En la Calle Ochenta y Nueve giré hacia el oeste, bajando el parasol del coche para protegerme los ojos de la declinante luz de invierno. Más allá de la maraña de cachivaches inservibles, coches mohosos y casas derrumbadas de mi izquierda, estaba el Río Calumet. Mis amigos y yo solíamos burlar a nuestros padres para bañarnos en él; ahora, se me revolvía el estómago con la sola idea de meter la cara en aquel agua asquerosa.

La escuela secundaria estaba al otro lado del río. Era una estructura enorme que ocupaba varios acres de suelo, pero su ladrillo rojo oscuro tenía un cierto aspecto hogareño, como un colegio de señoritas decimonónico. La luz que salía por las ventanas y el flujo de jóvenes que atravesaba las inmensas puertas de doble hoja de su extremo oeste aumentaban este efecto acogedor. Apagué el motor, cogí mi bolsa de deportes y me uní a la multitud.

Los techos, altos y abovedados, se habían construido cuando la calefacción era barata y la educación lo bastante respetada para que los ciudadanos desearan escuelas con aspecto de catedrales. Los corredores cavernosos servían a la perfección como cámaras de resonancia de las risas y gritos de aquella tropa. El ruido rebotaba en el techo, las paredes y los armarios metálicos. Me pregunté por qué nunca me habría percatado de aquel alboroto cuando era estudiante.

Dicen que las cosas que se aprenden de pequeño no se olvidan. Habían pasado veinte años desde la última vez que había estado allí, pero en la entrada del gimnasio giré a la izquierda sin pensarlo para seguir el pasillo hasta los vestidores de chicas. Caroline Djiak me esperaba a la puerta, carpeta en mano.

– ¡Vic! Creí que quizá te hubieras echado atrás. Todas las demás llevan aquí media hora. Están ya preparadas, por lo menos las que aún caben en los uniformes. Te has traído el tuyo, ¿no? Está aquí Joan Lacey, del Herald-Star, y le gustaría charlar contigo. A fin de cuentas, tú fuiste la Mejor Jugadora del Año del campeonato.

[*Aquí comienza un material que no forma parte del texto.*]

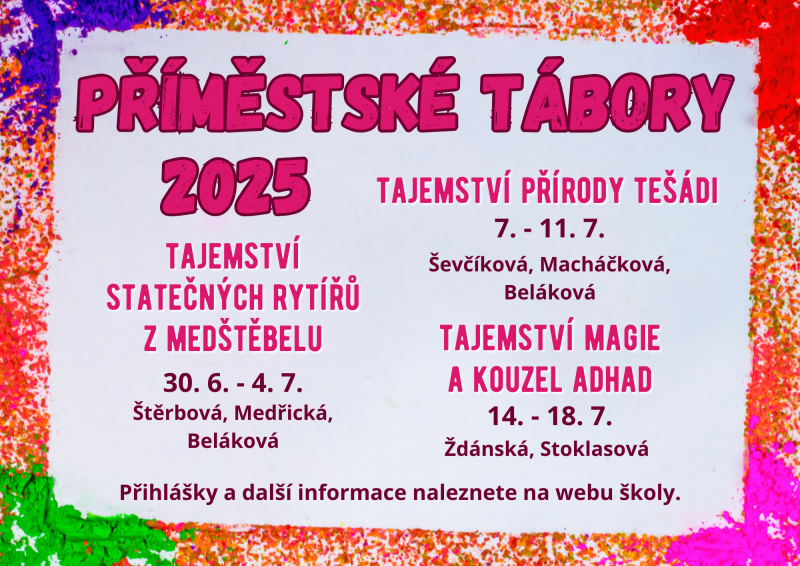 Příměstské tábory jsou pouze pro žáky naší základní školy. Každý tábor má maximální kapacitu 25 dětí.

Caroline no había cambiado. Las trenzas cobrizas habían sido sustituidas por un halo rizado que rodeaba su rostro pecoso, pero ésa parecía ser la única diferencia. Seguía siendo pequeña, vigorosa e imprudente.

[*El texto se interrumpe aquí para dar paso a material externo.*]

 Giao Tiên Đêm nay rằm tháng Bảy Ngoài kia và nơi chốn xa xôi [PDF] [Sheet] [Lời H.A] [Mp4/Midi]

Entré tras ella en los vestuarios. El alboroto reinante competía con el nivel de ruido de los pasillos. Diez muchachas en diversas etapas de desnudez hablaban entre sí a gritos, pidiendo limas o tampones, o preguntando quién se había llevado el jodido desodorante. En bragas y sostén tenían un aspecto musculoso y compacto, en mucha mejor forma de la que habíamos estado mis amigas y yo a su edad. Y desde luego mucho mejor que nuestra forma actual.

En un rincón del vestuario, organizando casi igual revuelo, había siete de las diez Tigresas con las que había ganado el campeonato de Categoría AA del Estado de Illinois hacía veinte años. Cinco de las siete vestían los antiguos uniformes negro y oro. En algunas, la camiseta se ceñía en la parte del pecho y el pantalón corto parecía ir a rajarse al primer intento de quiebro rápido de su portadora.

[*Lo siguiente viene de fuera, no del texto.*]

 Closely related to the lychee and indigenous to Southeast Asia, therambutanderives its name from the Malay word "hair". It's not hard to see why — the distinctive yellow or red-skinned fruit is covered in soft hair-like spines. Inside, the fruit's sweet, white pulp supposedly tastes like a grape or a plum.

La que más prieto llevaba el uniforme podía ser Lily Goldring, nuestra primera encestadora de tiro libre, pero debido a la permanente y la papada no podía asegurarlo. Me pareció que Alma Lowell debía ser la mujer negra que desbordaba la capacidad de su uniforme y llevaba la cazadora de letra tímidamente colgada sobre sus hombros macizos.